Use Nginx to load balance LLM services

Use Nginx to load balance the LLM service and achieve performance optimization in high-concurrency scenarios.
Core content:
1. Introduction to Nginx as a high-performance Web server and its characteristics
2. Nginx installation steps and configuration file editing
3. Introduction to load balancing algorithm and test load balancing chat service example
Some nodes are under heavy computing pressure, and user delays are increased Some nodes are idle, wasting resources
Requests need to be distributed to different nodes for processing so that the load on each node is at an appropriate level. This is load balancing.
1. Introduction
nginx
It is an open source, high-performance web server that is also widely used as a reverse proxy server, load balancer, and HTTP cache.
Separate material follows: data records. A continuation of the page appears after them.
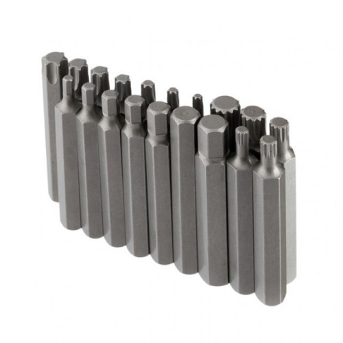 Набор состоит из 40 предметов. Разнообразие бит и шестигранников (TORX, HEX, Spline) в двух размерах 30 и 75 мм позволяют эффективно работать в труднодоступных местах и гарантируют надежное сцепление со шлицом крепежа.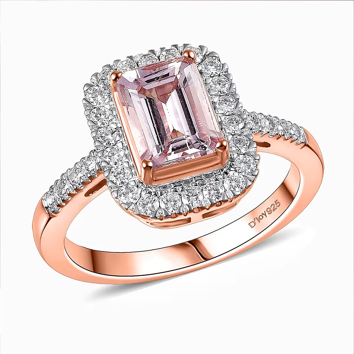 D'Joy Premium Pink Morganite and Moissanite 2.00 ctw Blush Halo Ring in 18K Vermeil Rose Gold Over Sterling Silver (Size 7.0)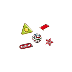 Funky, fashionable, and fresh. If your brand can be described in any of these terms, than these are the pins for you. After being stamped from iron, the recessed areas of the design are colored using a soft enamel that is then cured. Add an optional epoxy dome to give a level surface finish. Please note, this is a true spot color product - metal must separate the different colors.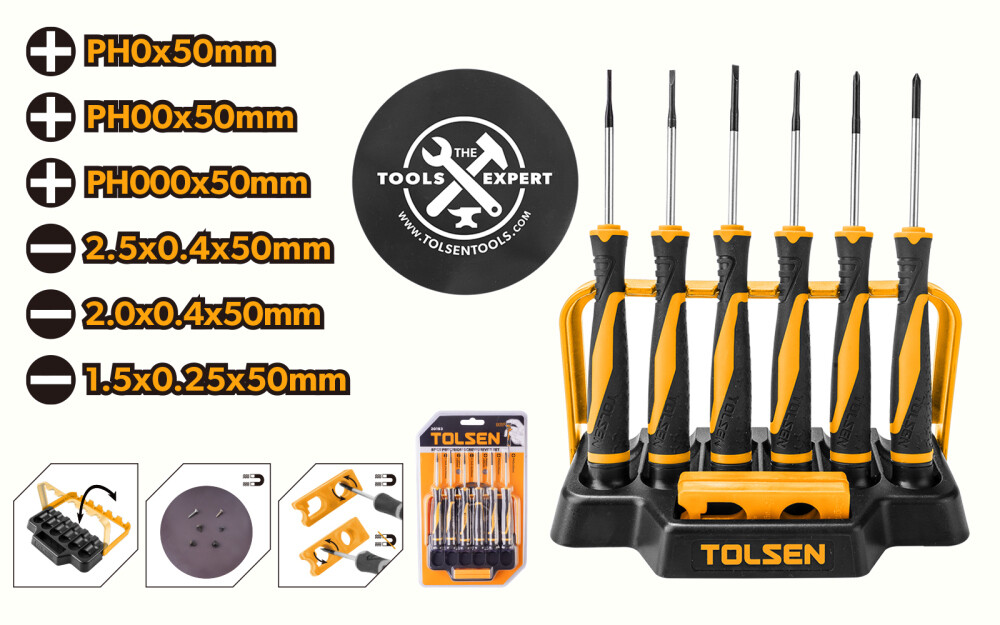 Набор включает шесть разных мини-отвёрток SL и PH, магнитизатор и магнитную подложку — всё, что требуется для надёжной работы с мелкими винтами и деликатными крепёжами, часто встречающимися в электронике и хобби-проектах. Каждая мини-отвёртка оснащена магнитным наконечником с тёмным финишем, что упрощает удержание и позиционирование мелких винтов, предотвращая их выпадение во время работы.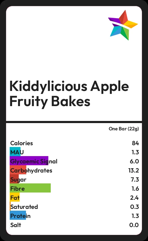 Kiddylicious Apple Fruity Bakes contains 83.8 calories in one Bar (22g).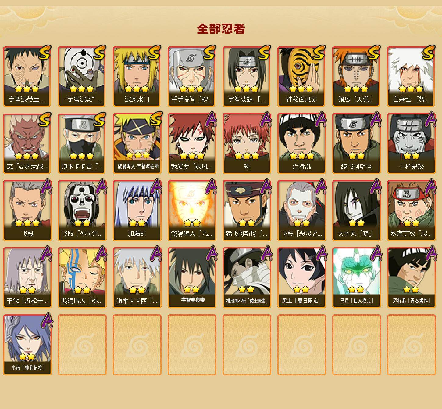 【S级忍者】:千手扉间「秽土转生」(3星),宇智波带土「忍界大战」(3星),艾「忍界大战」(3星),宇智波鼬「须佐能乎」(3星),旗木卡卡西「须佐能乎」(3星),自来也「舞之豪杰」(3星),波风水门(3星),神秘面具男(3星),佩恩「天道」(3星),宇智波斑 「白面具」(3星宇智波斑「白面具」),漩涡鸣人·宇智波佐助(3星)

Its design goal is to solve the performance bottleneck of traditional servers (such as Apache) in high-concurrency scenarios, and it has become one of the most popular web servers in the world.
Features:
High performance : Based on an event-driven asynchronous architecture, a single machine supports tens of thousands of concurrent connections.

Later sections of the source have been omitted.